Risk appetite buying in the City market today bolstered after senior economic leaders, briefing reporters Tuesday on the outcome of an annual policy-setting meeting last month, pledged to keep the monetary policy of the world's No. 2 economy flexible but stable and to support growth with improved access to financing for private and smaller enterprises. The assurances came as China weathers its worst slowdown since the global financial crisis amid a punishing tariffs dispute with the U.S.
The China's National Development and Reform Commission said in a statement that China will strengthen monitoring of its economic situation and improve its "reserve" of economic policies. The stimulus measures include a cut to value added tax rates for selected industries and provide tax rebates for others, helping to soothe fears about a slowdown in China and its implications for global growth. The stimulus from the China's spurred a positive movement in most of the markets, following an unexpected fall in China's December exports and imports.

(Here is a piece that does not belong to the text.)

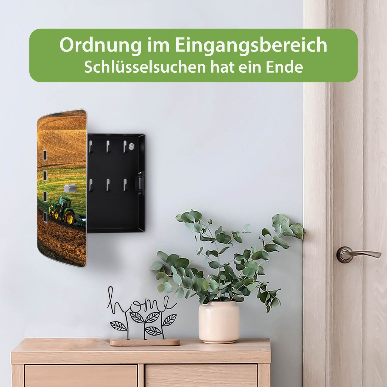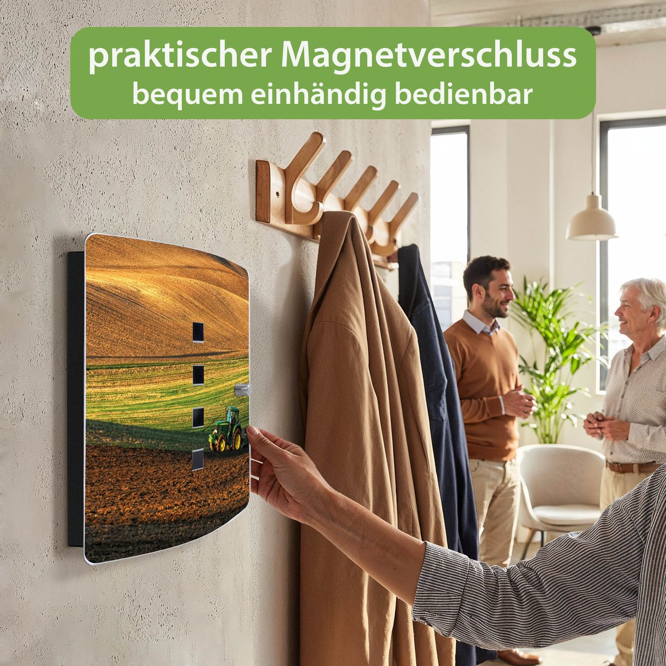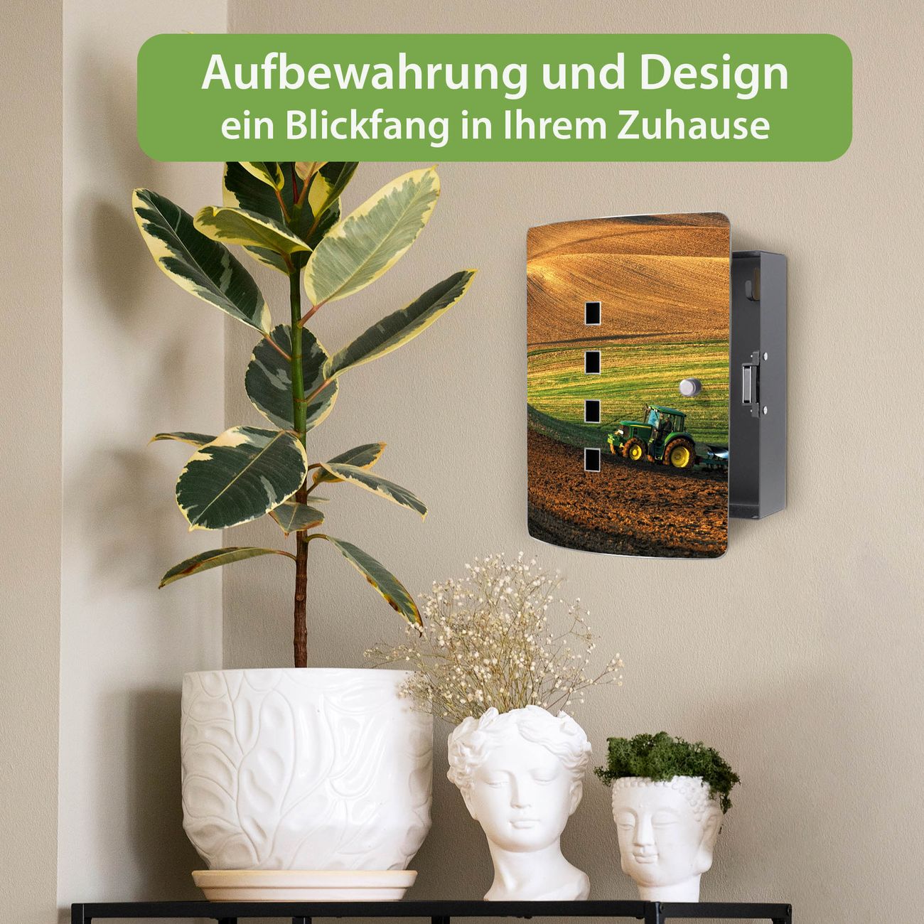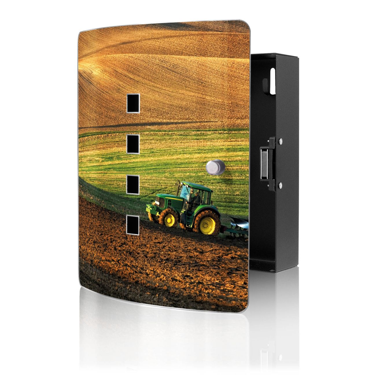 Funktion / Nutzen: Die leicht geschwungene Edelstahltür ist mit einer hochwertigen Motivfolie und dem Motiv Motiv Pflügen kaschiert. Ein praktischer Magnetverschluss ermöglicht Ihnen ein schnelles Öffnen und Schließen. Befestigt wird der Schlüsselkasten an 2 Stellen auf der Rückseite, passendes Montagematerial fügen wir bereits bei.

The PBOC has slashed RRR five times over the course of a year to keep liquidity from tightening too much as the economy slows. Twin cuts announced this month were the largest so far. The PBOC announced earlier this month that it was cutting the ratio of cash that banks must hold as reserves by 100 basis points (bps), with the first stage of 50 bps reduction effective on Tuesday.
China's government is turning increasingly to tax cuts as the first line of defence against a slowing economy, in a departure from the wasteful infrastructure binges of the past. Further evidence of the shift emerged Tuesday, as senior policy officials pledged that tax reductions on a larger scale are in the pipeline, amid worsening economic data. JPMorgan Chase economists estimate the total impact will be around 2 trillion yuan (US$300 billion), or 1.2% of gross domestic product. Last May the government cut value added taxes for manufacturing, transportation, construction, telecommunications and farm produce industries, followed by a cut in personal income taxes and the introduction of more deductions. Earlier this month, the State Council announced a US$29-billion annual tax cut plan for small companies.
The stimulus from the China's spurred a positive movement in most of the markets, following an unexpected fall in China's December exports and imports. Senior Chinese economic policy officials vowed to increase tax cuts to boost growth, while lending data from the country suggested December estimates may be exceeded.
China's exports to the world fell 4.4% in December from a year earlier, the biggest monthly drop in two years, pointing to further weakening in the world's second-largest economy. Imports also unexpectedly contracted, falling 7.6%, the biggest decline since July 2016. China's global trade volume rose last year but its surplus with the world fell 16.2% to $351.76 billion in 2018, as imports rose 15.8% while exports gained 9.9%.
Chinese automakers were higher on speculations of EV subsidies cut & likely vehicle purchase tax cut in China. Great Wall Motor (02333) climbed 3% to HK$4.99. BYD Company (01211) rose 3% to HK$45.95. Brilliance China Automotive (01114) advanced 1% to HK$6.57.
Oil majors were higher as oil prices rebounded after a 2% slide overnight. Sinopec (00386) rebounded 1% to HK$6.11. CNOOC (00883) climbed 4% to HK$12.72. PetroChina (00857) put on 2% to HK$5.01.
Shares of smartphone producers were also higher. AAC Technologies (02018) jumped 5.1% to HK$48. BYD Electronics (00285) mounted 3% to HK$9.23. Q Technology (01478) added 2% to HK$4.51. Trio Industrial Electronics (01710) jumped 3% to HK$0.285.